*Your task*. From the records below, please print only the lines from the one containing "Show eFestival Instrumental: apresentação" through the one containing "Due to the nature", both included. Skip the pictures.

[Stored items]
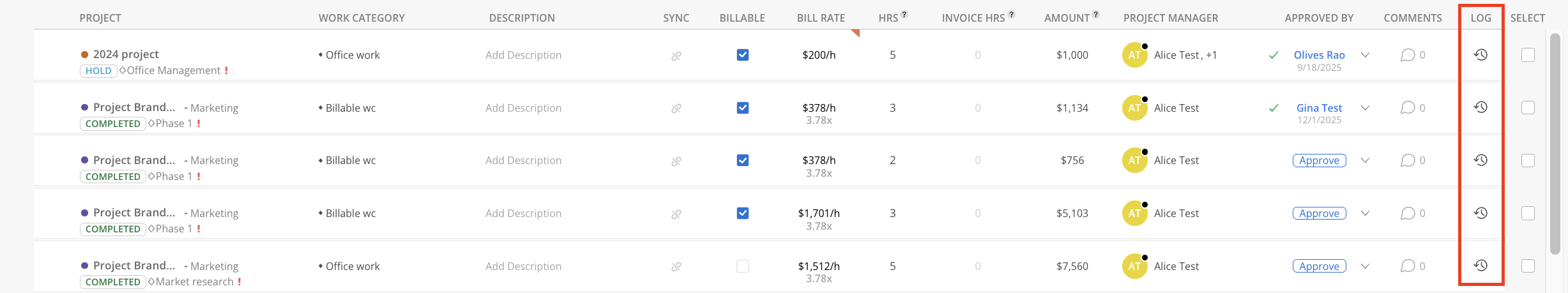 Click the log icon on the Timesheet to view its Activity Log, which includes a detailed history of actions taken—such as who created, edited, submitted, approved, or rejected the Timesheet—along with the date and day each action occurred.
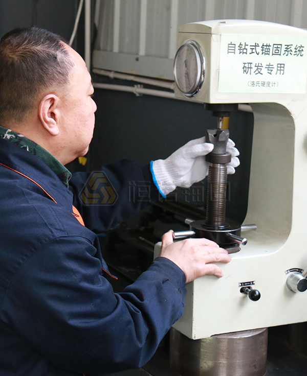 檢驗能力公司配置10余人的專業質檢團隊,為保證產品質量,我司特建立自鉆式中空錨固系統專用實驗室,配有40余種試驗設備和測量工具,如拉力試驗機、輪廓儀、沖擊試驗機、光譜儀、多種測量工具等,實現所有關鍵指標均可自主檢測。
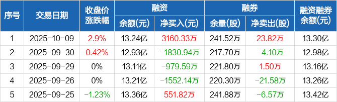 融资方面,当日融资买入2.26亿元,融资偿还1.94亿元,融资净买入3160.33万元。融券方面,融券卖出24.16万股,融券偿还3400股,融券余量241.52万股,融券余额598.97万元。融资融券余额合计13.3亿元。
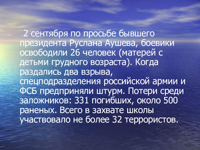 освободили 26 человек (матерей с детьми грудного возраста). Когда раздались два взрыва, спецподразделения российской армии и ФСБ предприняли штурм. Потери среди заложников: 331 погибших, около 500 раненых. Всего в захвате школы участвовало не более 32 террористов.
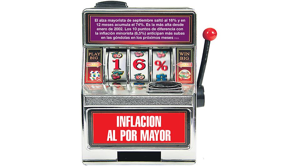 El alza mayorista de septiembre saltó al 16% y en 12 meses acumula el 74%. Es la más alta desde enero de 2002. Los 10 puntos de diferencia con la inflación minorista (6,5%) anticipan más subas en las góndolas en los próximos meses
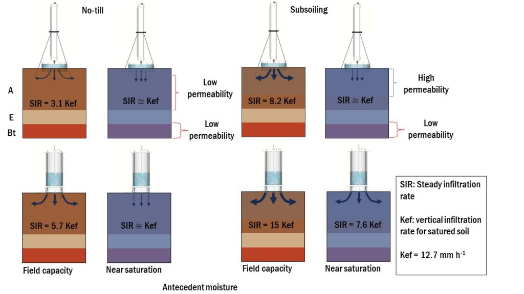 Soil steady water infiltration rate (SIR) is a key variable in hydrological modeling, but its relationship to antecedent soil moisture is not yet well understood. We tested the hypothesis that the SIR decreases with the increase in antecedent moisture, and that this relationship depends on permeability to water on the soil surface, the measurement method, and the measurement period. We conducted an experiment in an Argissolo Vermelho-Amarelo Distrófico abrúptico (Psammentic Paleudult – Soil Taxonomy), measuring infiltration in up to 14 antecedent moisture conditions under two soil structural conditions (no-till and no-till with subsoiling), with two measurement methods (double ring and Cornell infiltrometers), and for up to 48 h, with ten replications. In addition, vertical effective hydraulic conductivity of the saturated profile (Kef) was determined with Darcy’s equation for N layers. Crop succession used in the area was black oats and ryegrass in the winter and soybean in the summer. The SIR decreased to as little as 7.7 % of its original value with the increase in antecedent moisture; it was ~200 % greater in the treatment with subsoiling compared to no-till alone, and ~80 % greater when measured with the Cornell infiltrometer than with the double ring infiltrometer. Nevertheless, the effects of the method and the soil structural condition declined with the increase in antecedent moisture, confirming our hypothesis. In soil initially nearly saturated (degree of saturation ~90 %), the SIR drew near Kef (12.7 mm h-1) under the two soil structural conditions, especially when measured with the double ring infiltrometer. In contrast, increasing the time for measuring infiltration (>2 h) did not generate a new lower SIR level. The SIR decreases with the increase in antecedent soil moisture, and this relationship depends on the permeability to water of the surface layers and the measurement method. The SIR determined with infiltrometers better corresponds to vertical infiltration the nearer the soil is to saturation before beginning measurement.
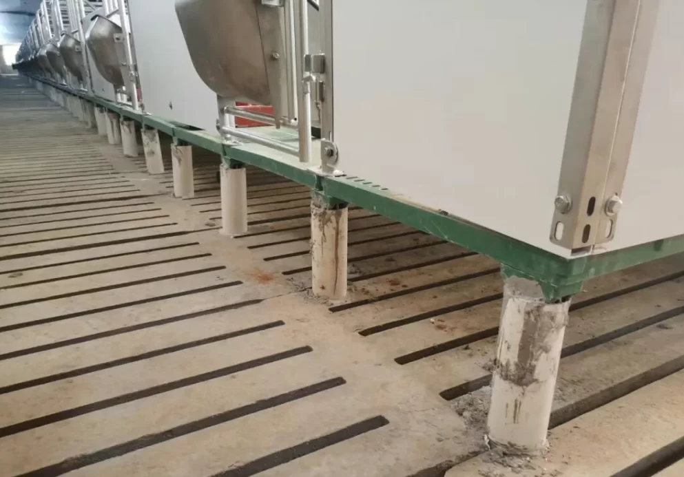 The high-leg farrowing crate is generally installed at a height of about 20 cm, which is convenient for sows to enter and leave, and more convenience for clean up feces.
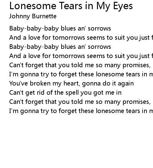 | I'm gonna try to forget these lonesome tears in my eyes |
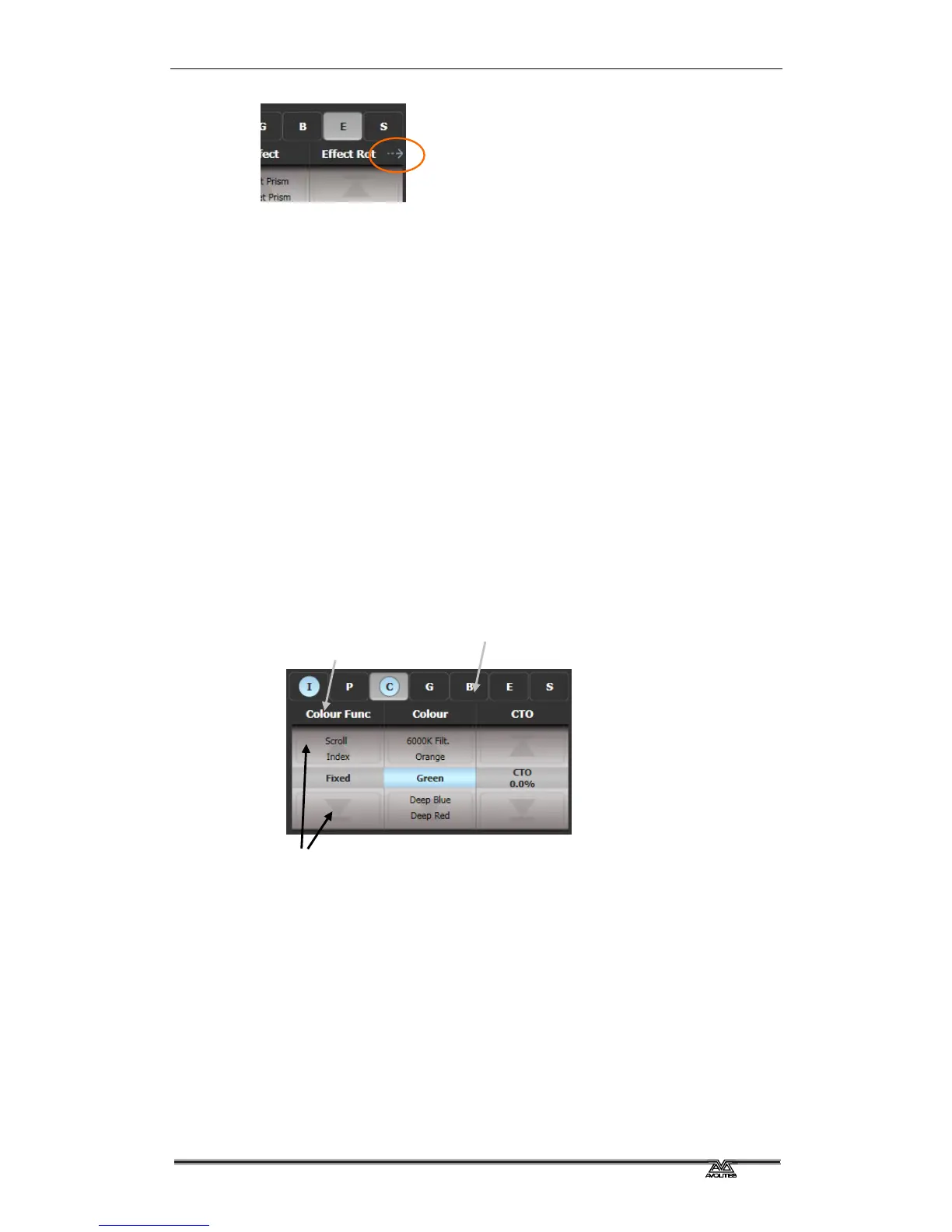 the wheels. It also offers a colour picker window for fixtures with RGB
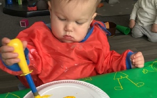 In the Baby & Toddler Room we love getting messy. We enjoy lots of sensory play, exploring different textures such as, shaving foam, beans and jelly play! We also love painting and sticking and being very creative.
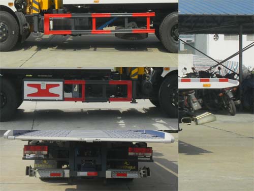 | 装备SQ4S型起重机(自重1105Kg)时,托举质量2100kg,整备质量7105kg;装备SQ3.2S型起重机(自重1050Kg)时,托举质量2700kg,整备质量6505kg,防护装置材料:Q235,连接方式:焊接连接;后防护装置由车身结构替代,离地高度为400mm。该车安装清障装置,用于道路故障车辆,城市违章车辆等工作。ABS型号:ABS/ASR-24V-4S/4M,厂家:襄阳东风隆诚机械有限责任公司。随底盘选装驾驶室。 |
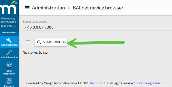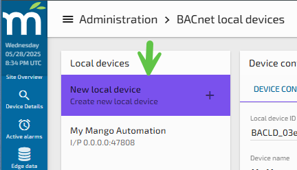 Log into Mango and navigate to Administration > BACnet Local Devices.
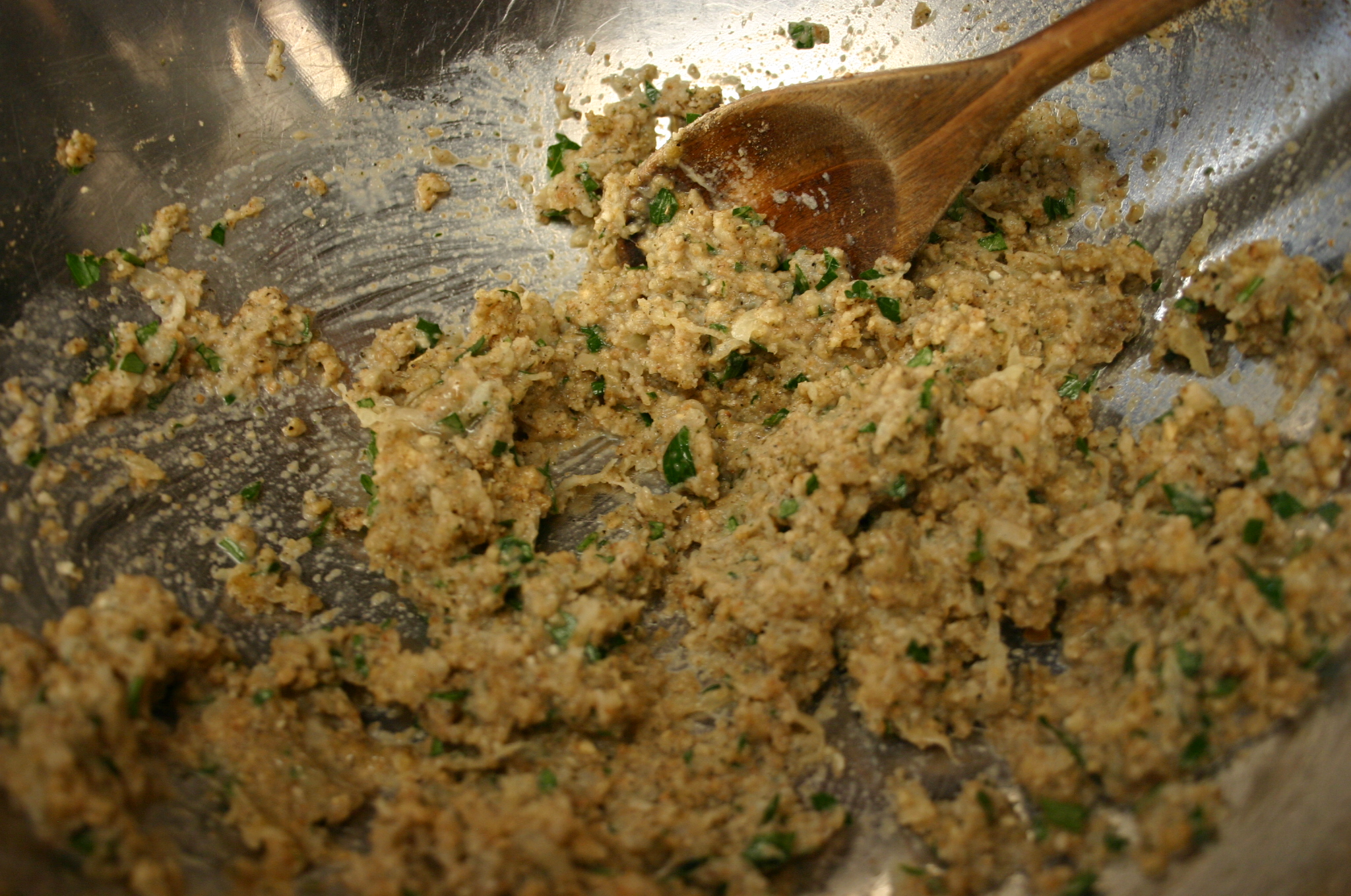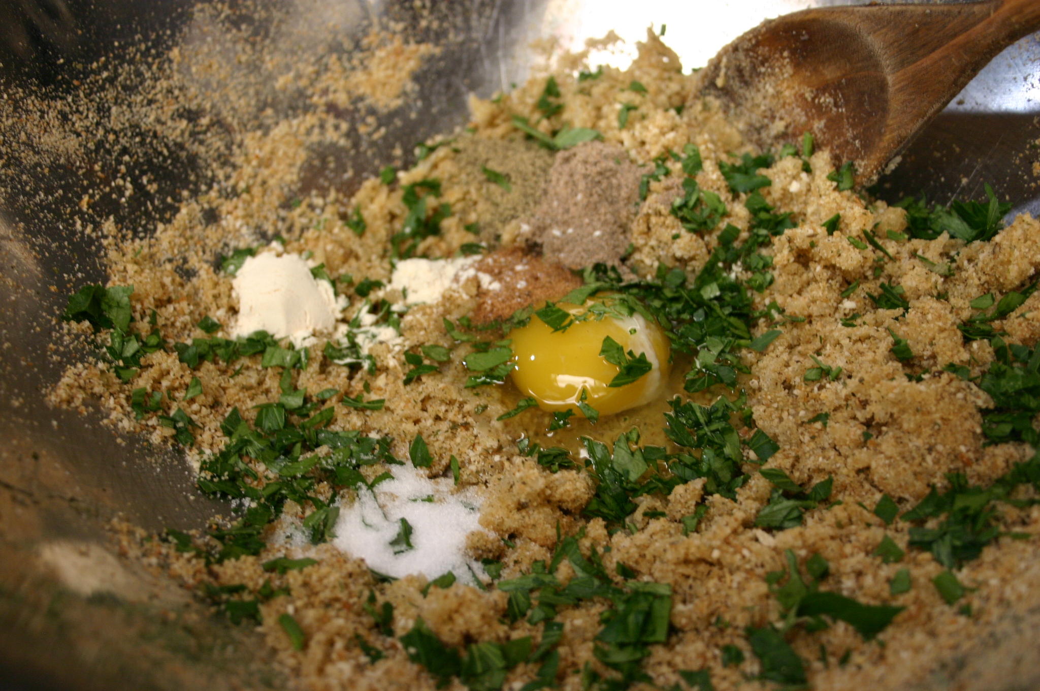 Wipe skillet clean of any crumbs. Add olive oil, swirl pan to lightly coat. Sauté onions until soft and just beginning to caramelize. Add onions to the bowl. Add egg to the breadcrumb mixture. Season with Nutmeg, Cardamom and Garlic Powder. Lightly mix.
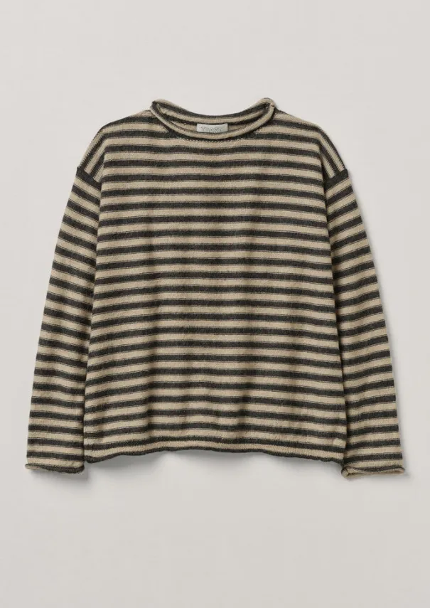 Our sweater is knitted from a blend of fine alpaca and organic wool fibres, which are undyed. Patterned with intarsia striped and shaped with dropped sleeves, then finished with rolls at the wide neckline and cuffs. Undyed alpaca and organic wool blend. Intarsia stripes. High wide neck. Roll-edged neck and cuffs. Dropped sleeves. Side hem slits. Ribbed hem. Details Hand wash. 50% alpaca wool, 50% wool. Made in Portugal. Soft yarns are liable to pill to some extent, even when using those of the best quality. To take good care of them remove any pills using a pilling comb and protect them from sharp items or jewellery that may catch or snag. Size & Fit Easy fit. Length: Mid hip. Sleeves: Full length. Neckline: Wide/open crew. Studio model Maggie is 5ft 8in/172cm tall and is wearing a size S.
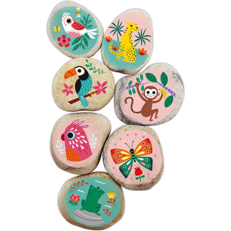 Les galets sont utilisés pour décorer. Commençons ! Ce kit de création simplifié est destiné aux enfants dès l'âge de 6 ans. Ce lot comprend 7 galets véritables que vous pouvez décorer avec de la peinture ou des transferts. Pour voir le motif imprimé sur le galet, peignez-le et placez le transfert sur le dessus. Les illustrations des animaux sont très délicates et les rendus sont toujours magnifiques ! Les galets mesurent environ 4 x 6 x 2 cm. Ce passe-temps créatif est idéal pour la motricité fine. Ce kit comprend 7 galets et 1 planche de transfert, 1 bâton en bois, 2 pots de peinture, 1 brosse à dents, 1 livret et 1 livre.
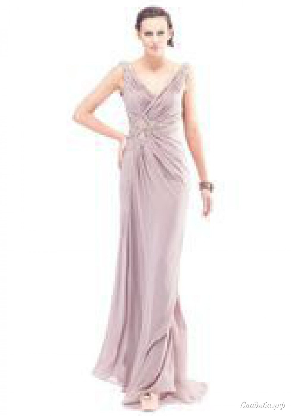 Нежное платье из тонкого шифона выполнено в кремовом оттенке. Глубокий V-образный вырез на груди обрамлён широкими бретелями. Драпировка помогает выделить бюст и выгодно подчеркнуть осиную талию своей обладательницы. Длинная юбка с небольшим шлейфом струится до пола. Роскошная коллекция 2014 года от известного итальянского бренда Ambra Cerimonia.
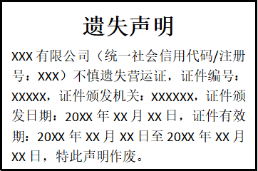 XXX有限公司(統(tǒng)一社會信用代碼/注冊號:XXX)不慎遺失營運(yùn)證,證件編號:XXXXX,證件頒發(fā)機(jī)關(guān):XXXXXX,證件頒發(fā)日期:20XX年XX月XX日,證件有效期:20XX年XX月XX日至20XX年XX月XX日,特此聲明作廢。
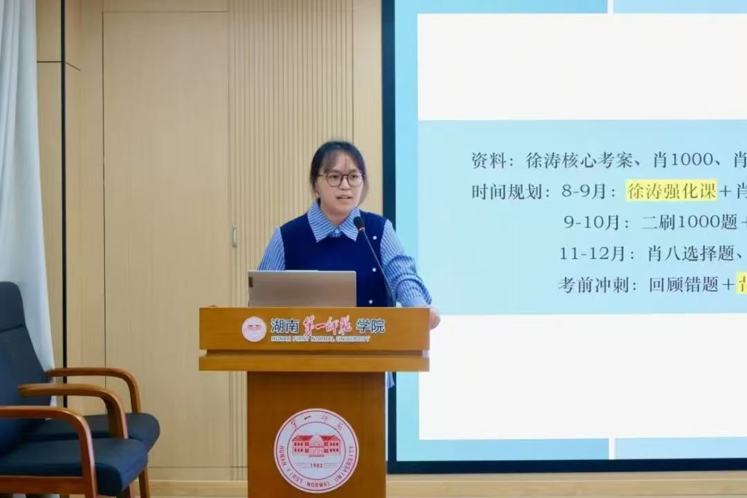 在经验分享环节,四位优秀考研学生代表依次上台。张佳清同学分享了报考湖南大学学科思政专业的经验,强调要根据自身情况选择适合的备考方法,做到有的放矢;胡沁彤同学详细介绍了报考湖南师范大学学科思政专业的学习方法,为同学们提供了实用的备考建议;喻雨妍同学以416分的优异成绩考入南京师范大学,她重点分享了英语学习的技巧与心得,强调了坚持和积累的重要性;罗姝畅同学则以两门专业课140分以上的优异成绩成功考入中国青年政治学院,她着重讲解了专业课的学习方法和备考策略,为同学们指明了方向。
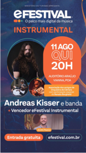 Show eFestival Instrumental: apresentação do Vencedor do eFestival Instrumental 2022 – André Repizo (Público Geral), e ainda a Orquestra da ULBRA com participação especial de Renato Borghetti e apresentação final de Andreas Kisser e banda.
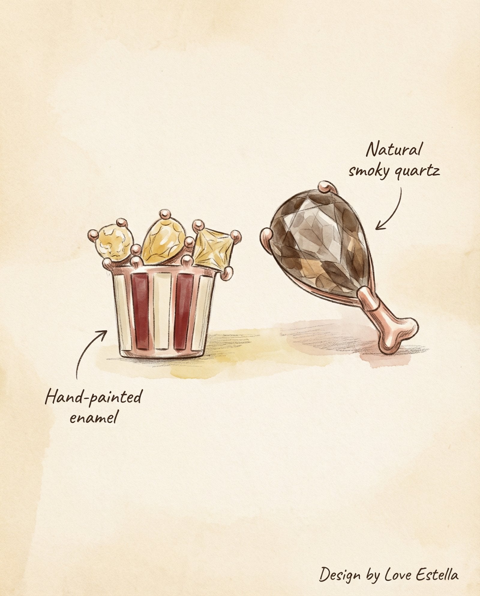 Due to the nature of gemstones, pearls, and handpainted enamel, variations in color, inclusions, and shape may occur.
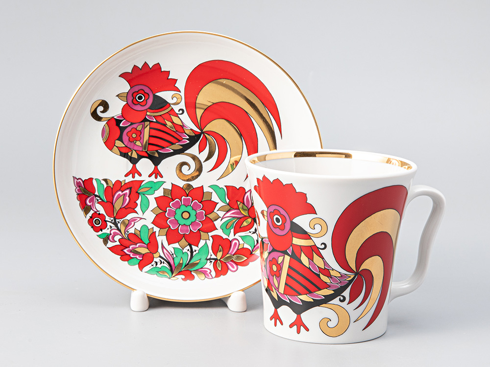 С 2-х сторон тулова бокала и на блюдце изображение сказочного петуха с распущенным хвостом и растительный узор. Кистью вручную нанесена отводка золотосодержащим препаратом по краю блюдца и внутреннему краю бокала.
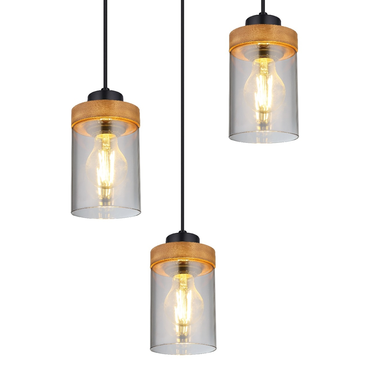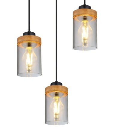 Ova prelepa visilica inspiriše sjajnim dizajnom. Tri E27 grla vise na crnim kablovima do 1,5 metara od plafona i završavaju se okruglom crnom mat bazom (Ø39cm). Na E27 grlima se nalazi cilindrični abažur u boji dima i ukrasima od drveta. Grla E27 vam omogućavaju da koristite sijalice po vašem izboru, do maksimalne snage od 60 vati.
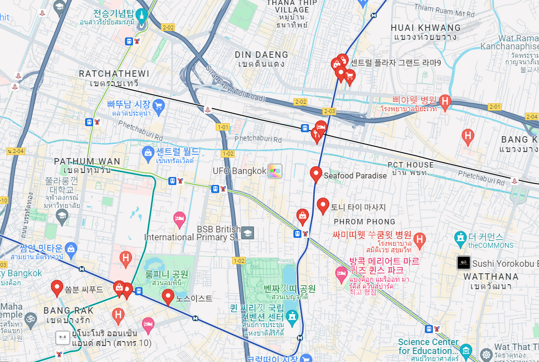 두 개 호선 각각으로 방콕의 명소들을 갈 수 있는 위치이며,
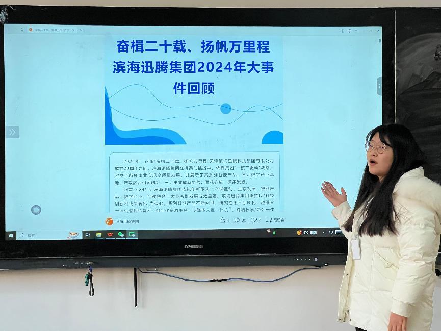李彩霞老师为我们解读了“奋楫二十载、扬帆万里程”滨海迅腾集团2024年大事件回顾,回首2024年,滨海迅腾集团依托创新驱动、产学互动、生态发展,智能产品、数字产业、产教融合三大业务群发展成效显著。
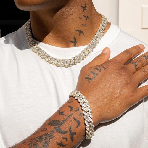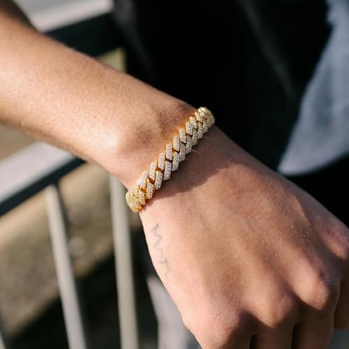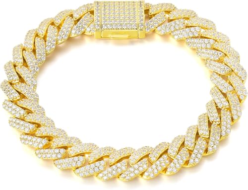 Generic - سوار (DF) للرجال والنساء 12 ملم مطلي بالذهب الابيض عيار 18 قيراط بلينغ دايموند هيب هوب رابر، مجوهرات سميكة لا تسبب الحساسية مع صندوق هدايا، 8.5 انش، زركونيا مكعب

*Result of this exercise*.
 Show eFestival Instrumental: apresentação do Vencedor do eFestival Instrumental 2022 – André Repizo (Público Geral), e ainda a Orquestra da ULBRA com participação especial de Renato Borghetti e apresentação final de Andreas Kisser e banda.
 Due to the nature of gemstones, pearls, and handpainted enamel, variations in color, inclusions, and shape may occur.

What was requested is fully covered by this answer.